2. #### Integrate with Materialize

    To integrate WarpStream with Materialize, you need to set up a connection to
    the WarpStream broker and create a source in Materialize to consume the
    data.

    Head over to the Materialize console and follow the steps below:

    a. Save WarpStream credentials:

    ```mzsql
    CREATE SECRET warpstream_username AS '<username>';
    CREATE SECRET warpstream_password AS '<password>';
    ```

    b. Set up a connection to the WarpStream broker:

    ```mzsql
    CREATE CONNECTION warpstream_kafka TO KAFKA (
        BROKER '<CLUSTER_NAME>.fly.dev:9092',
        SASL MECHANISMS = "PLAIN",
        SASL USERNAME = SECRET warpstream_username,
        SASL PASSWORD = SECRET warpstream_password
    );
    ```

    c. Create a source in Materialize to consume messages. By default, the
    source will be created in the active cluster; to use a different cluster,
    use the `IN CLUSTER` clause.

    ```mzsql
    CREATE SOURCE warpstream_click_stream_source
        FROM KAFKA CONNECTION warpstream_kafka (TOPIC 'materialize_click_streams')
        FORMAT JSON;
    ```

    d. Verify the ingestion and query the data in Materialize:

    ```mzsql
    SELECT * FROM warpstream_click_stream_source LIMIT 10;
    ```

    e. Furthermore, create a materialized view to aggregate the data:

    ```mzsql
    CREATE MATERIALIZED VIEW warpstream_click_stream_aggregate AS
        SELECT
            user_id,
            page_id,
            COUNT(*) AS count
        FROM warpstream_click_stream_source
        GROUP BY user_id, page_id;
    ```

    f.

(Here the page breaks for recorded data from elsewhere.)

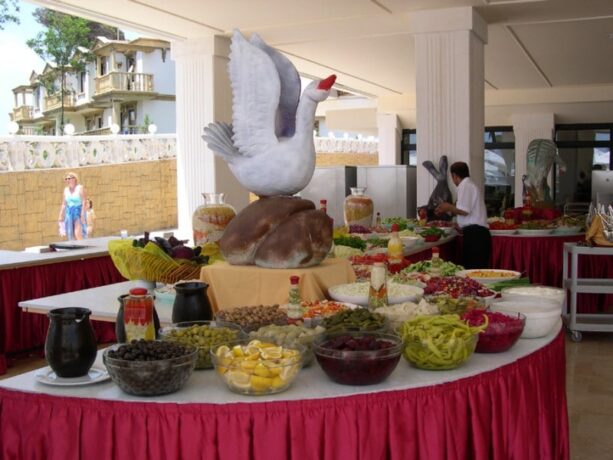 Константин, г. Нижневартовск: «Еда здесь очень вкусная, часто готовят настоящие деликатесы. Если не хотите толпиться в очередях, на завтрак, обед или ужин ходите немного позже установленного времени, но не позднее, чем за полчаса до закрытия на перерыв. В это время уже не найдете мяса и других вкусностей, их разберут ваши соседи. В ресторанах «аля-карт» необходимо бронировать столики заранее. Работают они только до половины одиннадцатого вечера. Самые вкусные коктейли подают в баре на пляже».
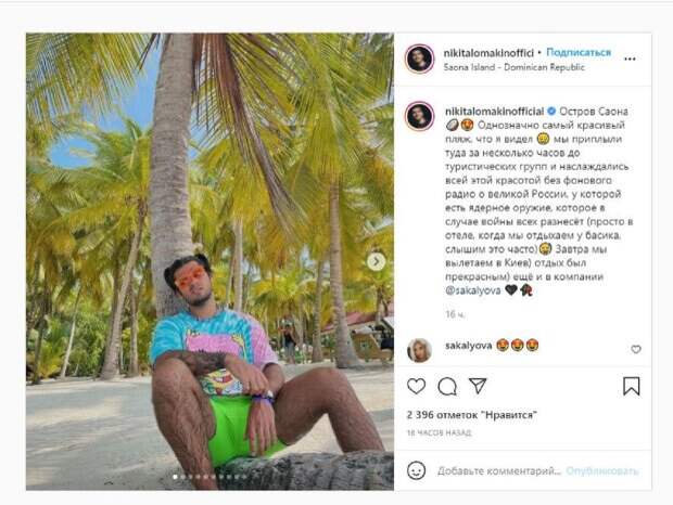 Сейчас звезда отдыхает на острове Саона, который принадлежит Доминиканской республике. Ломакин в новой публикации рассказал о своем отпуске. "Остров Саона. Однозначно самый красивый пляж, что я видел, мы приплыли туда за несколько часов до туристических групп и наслаждались всей этой красотой без фонового радио о великой России, у которой есть ядерное оружие, которое в случае войны всех разнесёт (просто в отеле, когда мы отдыхаем у басика, слышим это часто) Завтра мы вылетаем в Киев) отдых был прекрасным) ещё и в компании", - написал Никита. Фанаты поставили более двух тысяч лайков и написали комментарии: "Крутые фото", "очень круто", "Невероятно красивые картинки. Спасибо,что поделился с нами", "Красивая пара! Приятно было вас лицезреть! Побольше бы таких талантливых людей, как вы!!!", "Какая там красота, вода, Вы тоже красавцы)". Напомним, экс-бойфренд Мишель Андраде Ломакин в одних плавках хвастнул роскошным отдыхом А еще Politeka писала, что Ломакин нашел свое счастье после расставания с Мишель Андраде из "Орла и Решки" Также Politeka сообщала, что экс-участник "Голосу країни" Ломакин попал впросак перед Тиной Кароль
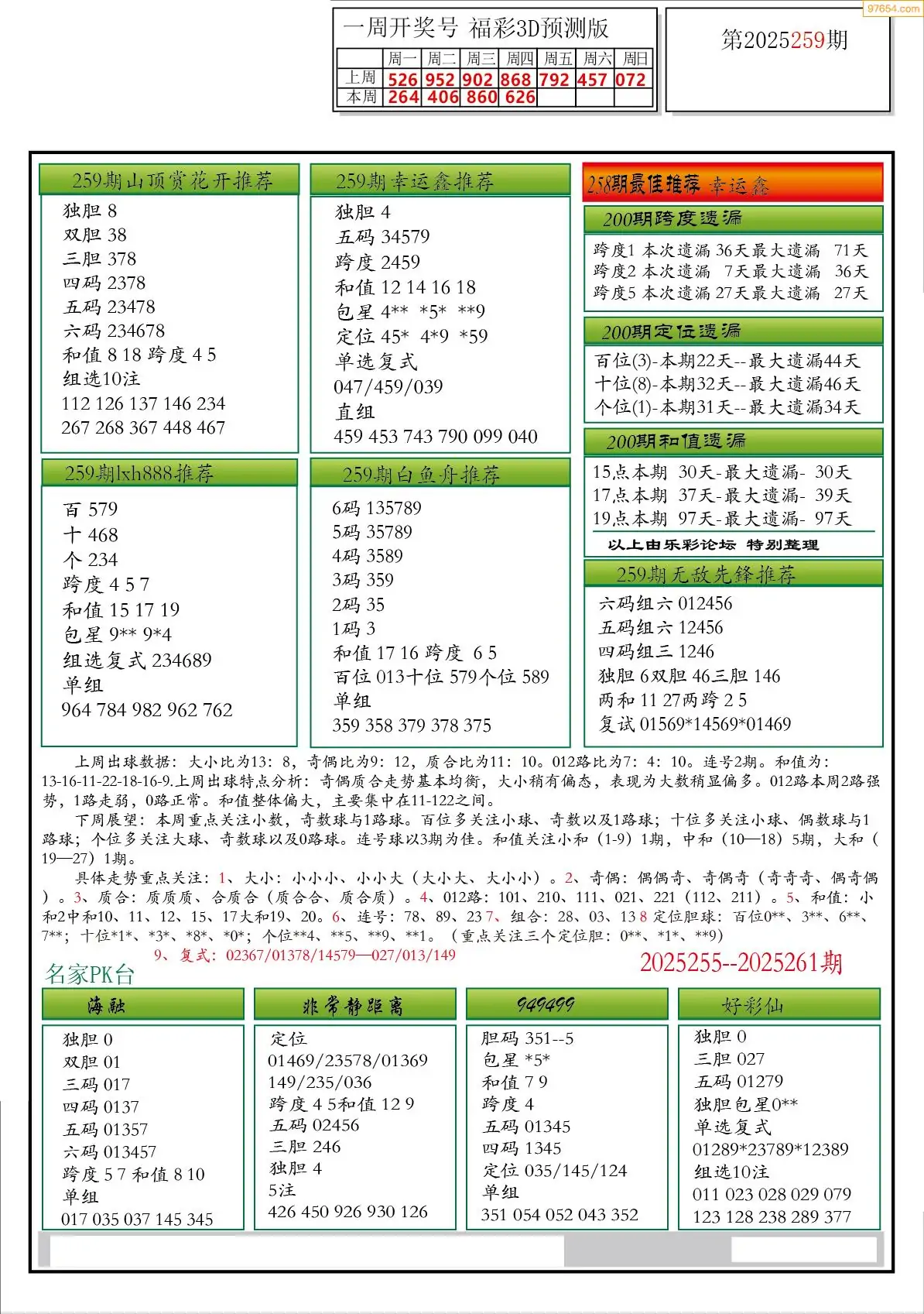 25年264期3D各板块资料整合汇总
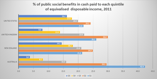 Australia does far better than any other country in targeting its welfare state to the bottom of the income distribution. Having an old age pension that is asset tested and income tested has a lot to do with that. New Zealand has an old age pension that is not income tested or asset tested. The USA has a contributory social insurance system that also ensures a considerable amount of its public social benefits are paid to the well off because they paid in Social Security taxes.

Produce additional records to monitor real-time updates:

    ```bash
    warpstream kcmd -bootstrap-host $CLUSTER_NAME.fly.dev \
                    -tls -username ccun_XXXXXXXXXX \
                    -password ccp_XXXXXXXXXX \
                    -type produce \
                    -topic materialize_click_streams \
                    --records '{"action": "click", "user_id": "user_1", "page_id": "home"}'
    ```

    g. Query the materialized view to monitor the real-time updates:

    ```mzsql
    SELECT * FROM warpstream_click_stream_aggregate;
    ```

---

By following the steps outlined above, you will have successfully set up a
connection between WarpStream and Materialize. You can now use Materialize to
query the data ingested from WarpStream.